Clerics such as Mohammed Arefe, Abdulaziz Fawzan, Omar al-Nasser, Saad al-Ateeq and others, who might not see eye to eye on various issues with the government, have nonetheless received perks and protection.
These clerics “have been inciting against the Houthis and other Shi’ites, calling them Safavids, rejectionists, or even rats.”
“A royally-appointed member of the Saudi Human Rights Commission’s board even warned Saudi employers this past year to avoid hiring Houthi infiltrators and their like – evidently a reference to Yemenis as a whole, who play a major role as migrant workers in the Saudi economy – lest they poison your coffee with filth and enchantments,” he said.

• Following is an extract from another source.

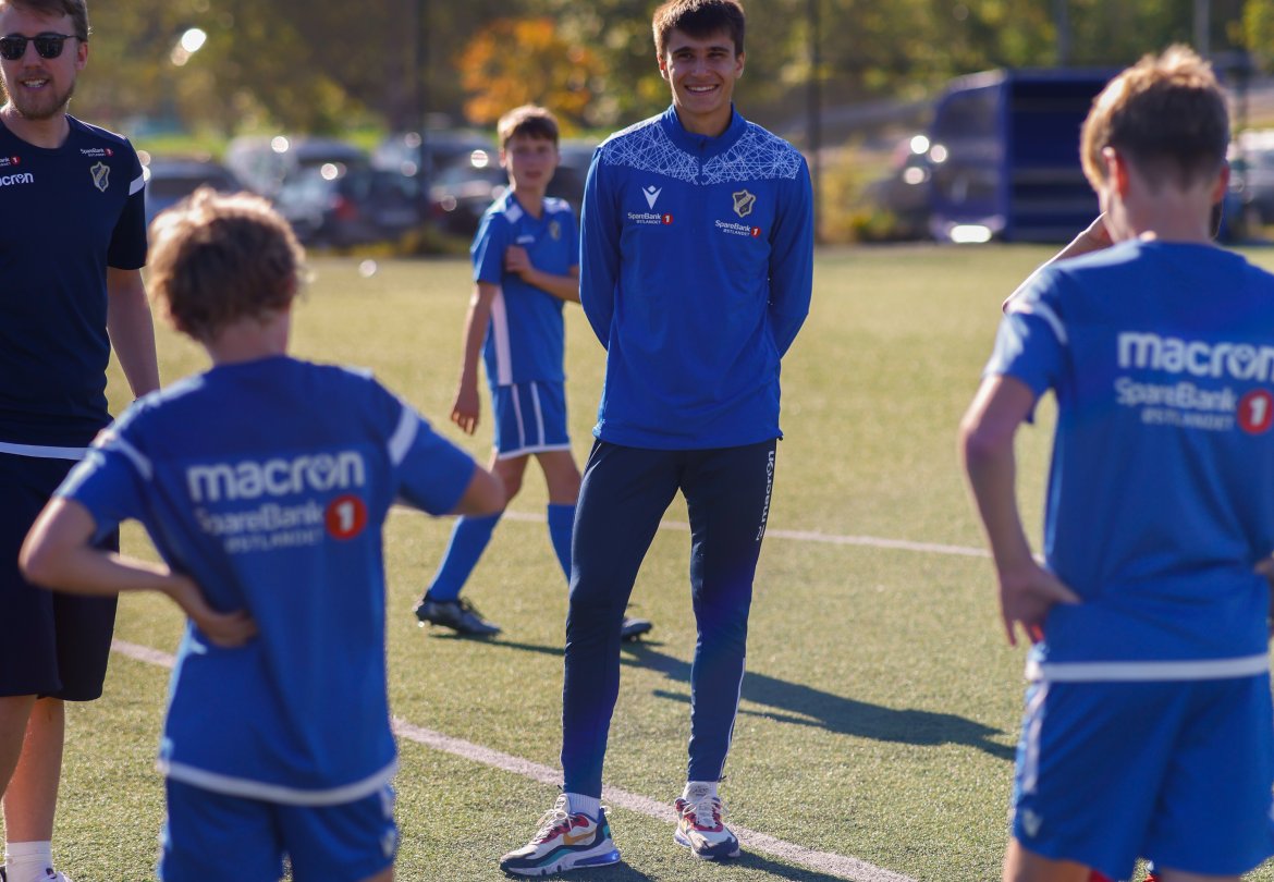 Fadderordningen - der A-lagsspillerne følger opp et yngre lag i klubben - er i full gang. På tirsdag var Oliver Edvardsen og Kay Kostadinov med på treninga til G2009, til stor glede for barna. Bildegalleri

“And it’s not just religious leaders inciting against Shi’ites – for instance, the Sunni governor of Saudi Arabia’s Shi’ite heavy eastern province referred this month to Shi’ite instigators as descendants of Abdullah Ibn Saba, an apocryphal and derogatory figure used by Sunnis to blame the divergence of Shi’ite and Sunni Islam on the teachings of a Shi’ite convert from Judaism.”
Saudi Arabia has a history of allowing hateful rhetoric to flow whenever there are tensions with Iran. So despite the fact that the Saudis are officially at war with Islamic State in the US-led coalition, Saudi extremists at home are allowed to mouth off against Shi’ites.
This behavior also “encourages the sort of sectarianism that feeds recruitment and mobilization by Sunni terror groups that threaten the royal family,” said Weinberg.